Columbia administrators perceived such dire immediacy that a committee of faculty announced two days later that the college would drop football. Professor Herbert Lord called the game an “obsession, which has become a hindrance to the great mass of students, and proved itself harmful to academic standing and human life.”


Even in whimsical postcards, vicious face injuries were assumed

Columbia became the first school to publically commit to abolishing the game as it then existed and others seemed to feel equally strongly. Even still, support for the game remained overwhelming. Students at Columbia turned out in droves to publically protest the euthanizing of their team. A New York Times editorial on December 5th stated: “College Presidents who think football too bad for further tolerance are extremely few.” It was in this climate that the FIA rules committee met at the Philadelphia home of George McFadden, the chair of U Penn’s football committee, on December 10th.

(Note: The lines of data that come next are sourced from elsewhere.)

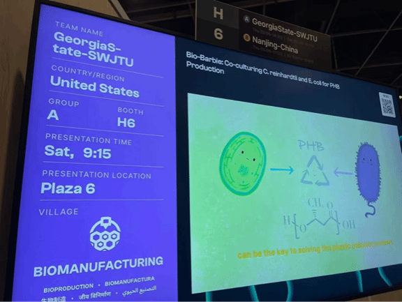 今年GeorgiaState-SWJTU团队由30位来自西南交通大学和乔治亚州立大学的同学组成,以“Bio-Barbie: Co-culturing of C.reinhardtii and E.coli for PHB Production”为题,构建了基于大肠杆菌和莱茵衣藻共培养体系的可降解塑料聚羟基丁酸酯(Polyhydroxybutyrate, PHB)的自产系统,研究PHB为全球塑料分解问题带来的新思路。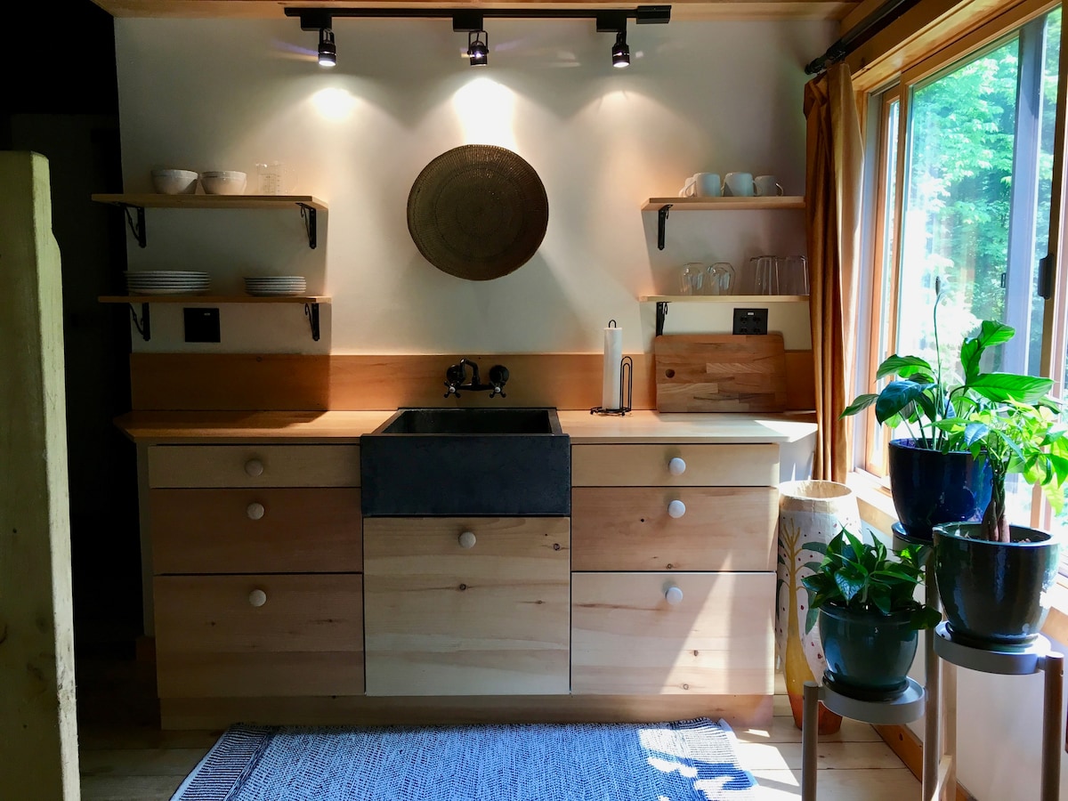 Private entrance & space. French doors large windows bright and airy. Lg living rm. Bed Rm w/queen. bed rm W/ king (two twins made up as king)all the time. Small kitchen w/micro coffee maker & fridge. NO STOVE only a single NuWave burner. Come & go as you please. This apartment is the lower level of our entire home. Very private and separate space. Enjoy 25 Acres of wooded land. Only 2 miles to town. Age 21 or older to book. We do not take children under 12 No parties NoPets No smoking.
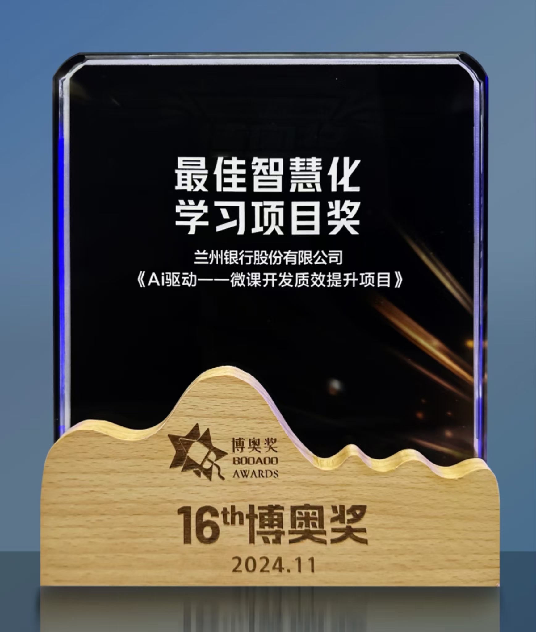 11月20-21日,AI+教育创新与人才发展高峰大会(IETDS)在北京召开。会上,兰州银行凭借在学习培训领域的数字化转型创新实践,申报的两个人才培养项目分获“博奥奖”两项大奖——“最佳创新应用实践奖”和“最佳智慧化学习项目奖”,成为大会唯一一家获得两项荣誉的城商行。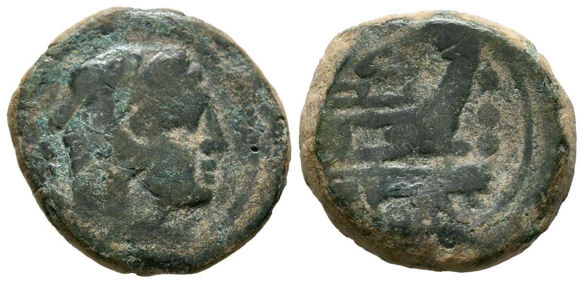 ACUÑACIONES ANONIMAS. Cuadrante. (Ae. 6,88g/20mm). 211 a.C. Roma. (Crawford 56/5). Anv: Cabeza de Hércules con piel de león, detrás tres puntos. Rev: Proa a derecha, delante tres puntos. MBC-.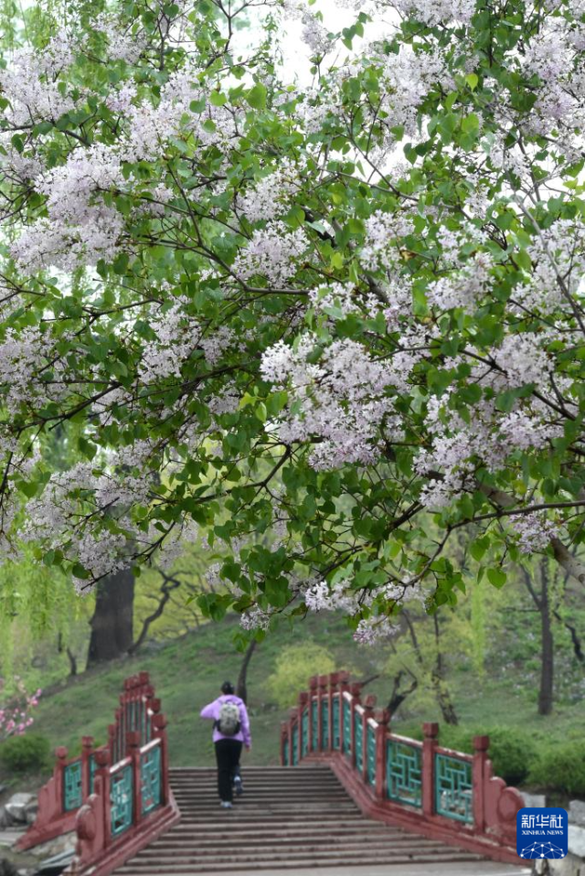 4月9日,游客在北京圆明园踏青赏花。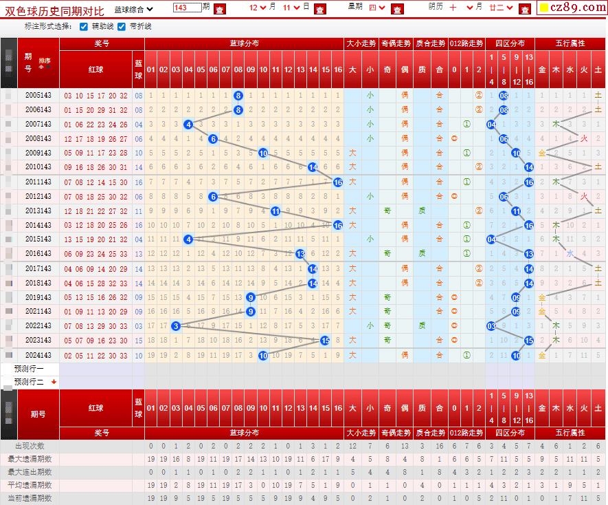 143期双色球历史同期对比图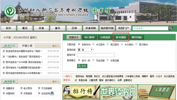 图书馆圆满完成2016年度南京春季馆藏图书展销会采访图书上架工作 来源:本站原创 发布时间:2016-06-08 13:53:37 浏览次数: 次 【字体:小 大】 图书馆近日完成了2016年度南京春季馆藏图书展销会采访的5474册图书的编目、上架工作。馆藏地主要分布在一楼专业馆藏区、绘本区、自然科学馆藏区,二楼社科馆藏区等位置。欢迎各位师生在图书馆主页——新书通报入口检索并来馆借阅。 分享到: 【打印正文】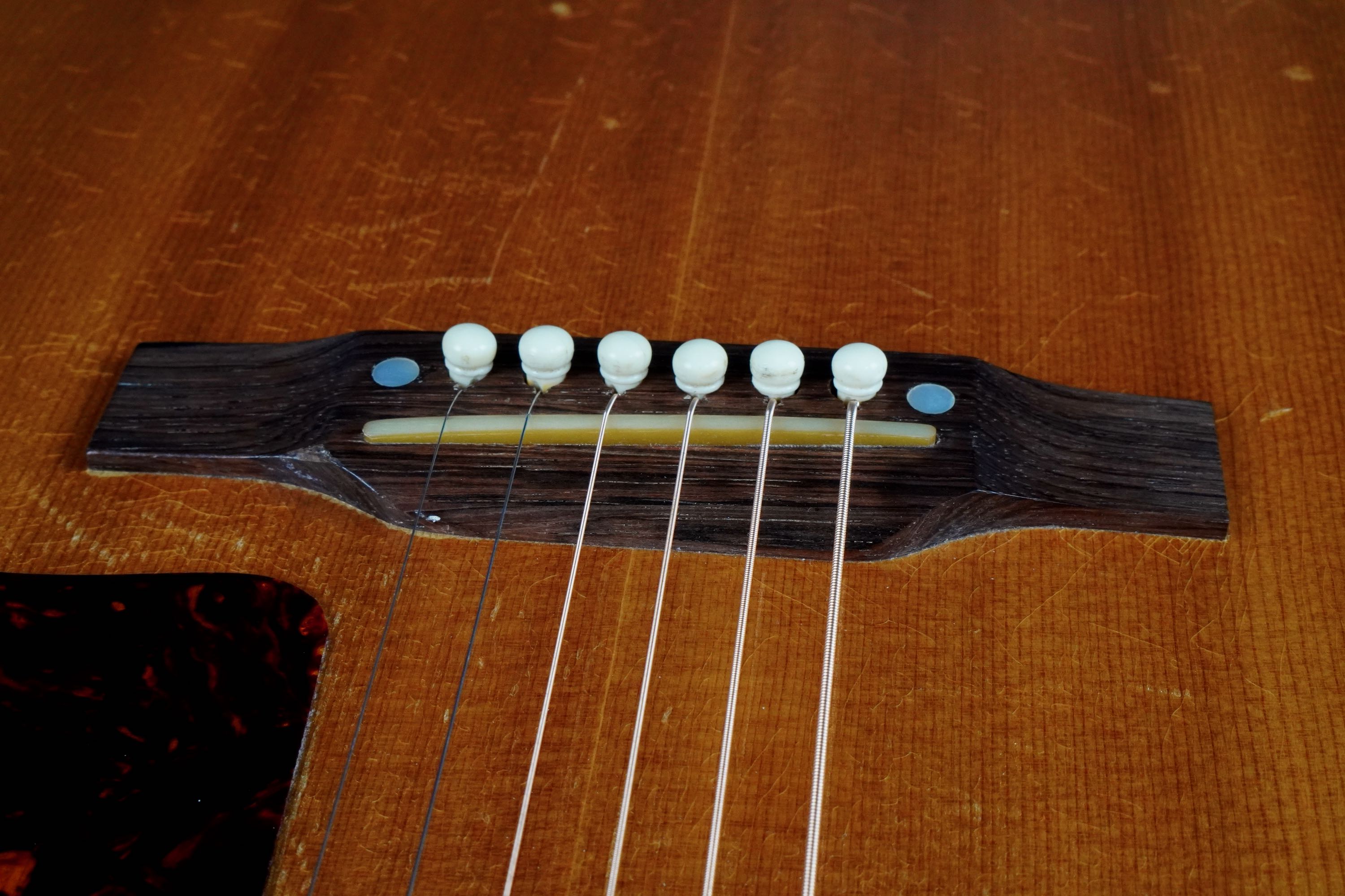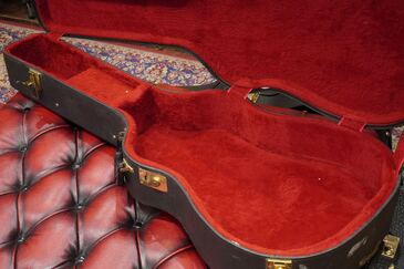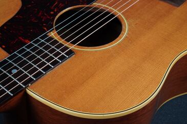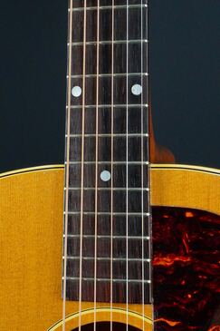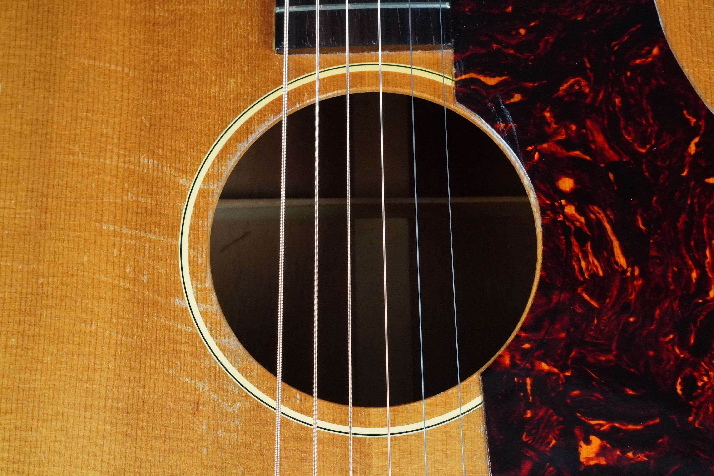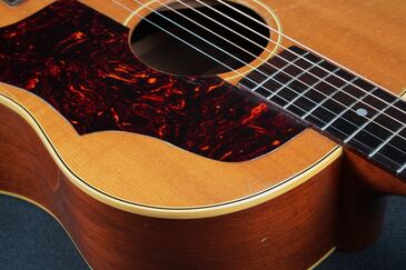 本機も製造年は1955年製ですが、ブレーシングはスキャロップでフレット数は19と変更以前のスペックですが、ピックガードはラージガードとなっており、しかもラージガードの最初期にではサウンドホールのリングが隠れるような、特異なルックスを持つ希少な個体で、このピックガードはなかなか出物が少ない為に認知度も低いのですが、この年式のSouthern Jumboなどでも極稀に見掛けるレアな仕様です。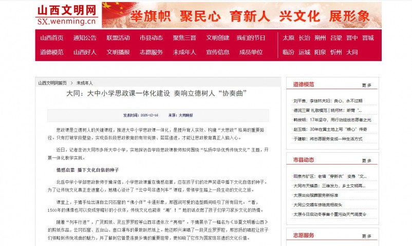 近日,记者走访大同市多所大中小学,实地探访各学段思政课教师如何围绕“弘扬中华优秀传统文化”主题,开展一体化教学实践。
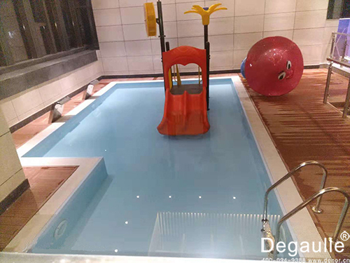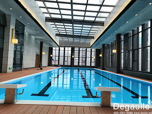 該工程泳池主體采用戴高樂鋼結構拆裝式泳池池體,而鋼結構拆裝式泳池是由鍍鋅鋼板圍板建造而成,建造成本比土建泳池大大的降低,施工周期也大大的縮短,膠膜使用的是戴高樂泳池專用防水膠膜,具有獨特的四層結構,防水效果可達15年。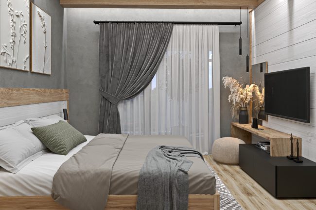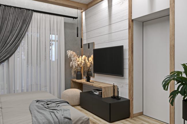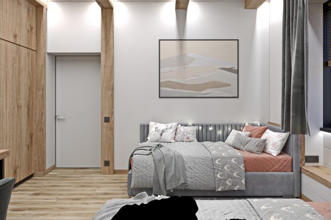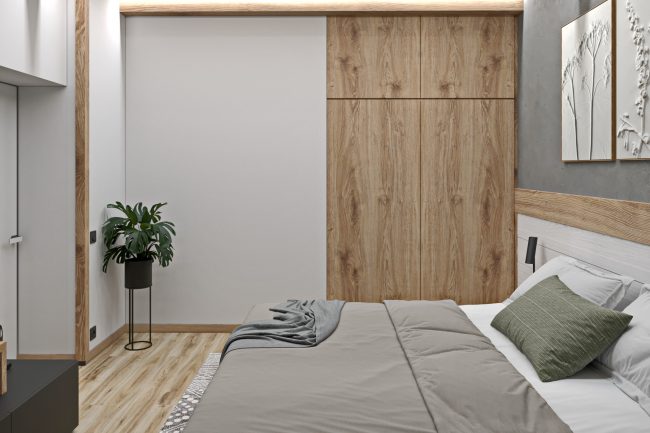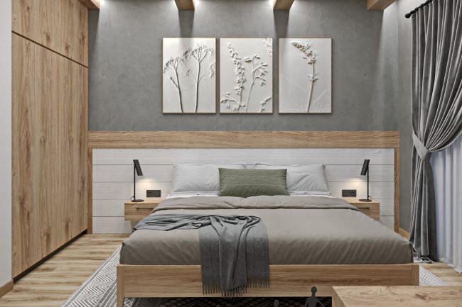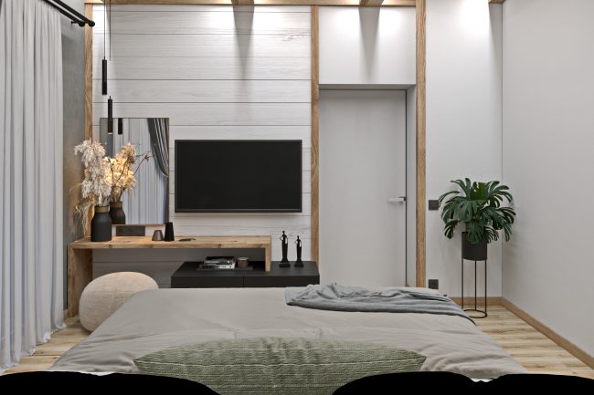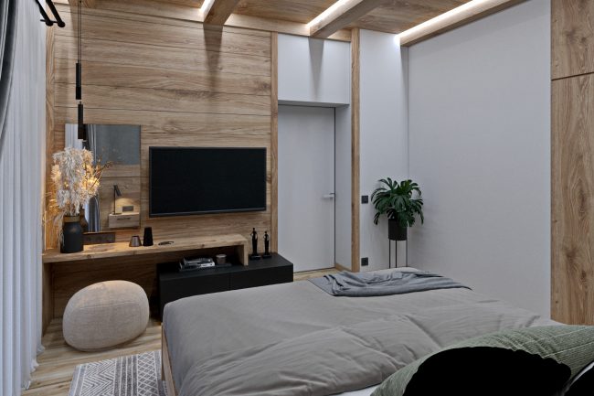 - Główna sypialnia — miejsce do relaksu i odpoczynku, gdzie wykorzystano ciepłe drewniane panele do stworzenia przytulnej atmosfery.

The committee debated several possibly rule changes. Walter Camp’s suggested Panacea was to increase the yardage required for fresh downs from five to ten. John Bell of U Penn hoped to weaken the ends of the line of scrimmage to encourage end running and prevent the ly body piles caused in central “mass plays”. He specifically suggested legalizing forward passes completed behind the line of scrimmage. Initially the forward pass was designed to open the field horizontally with back-field passes to the sidelines in order to get runners into the open. Bell had no idea how far his suggestion would eventually go to open play up and over the full hundred yards. More than any other rule change the forward pass defines the difference between American football and the early forms of Rugby from which it grew.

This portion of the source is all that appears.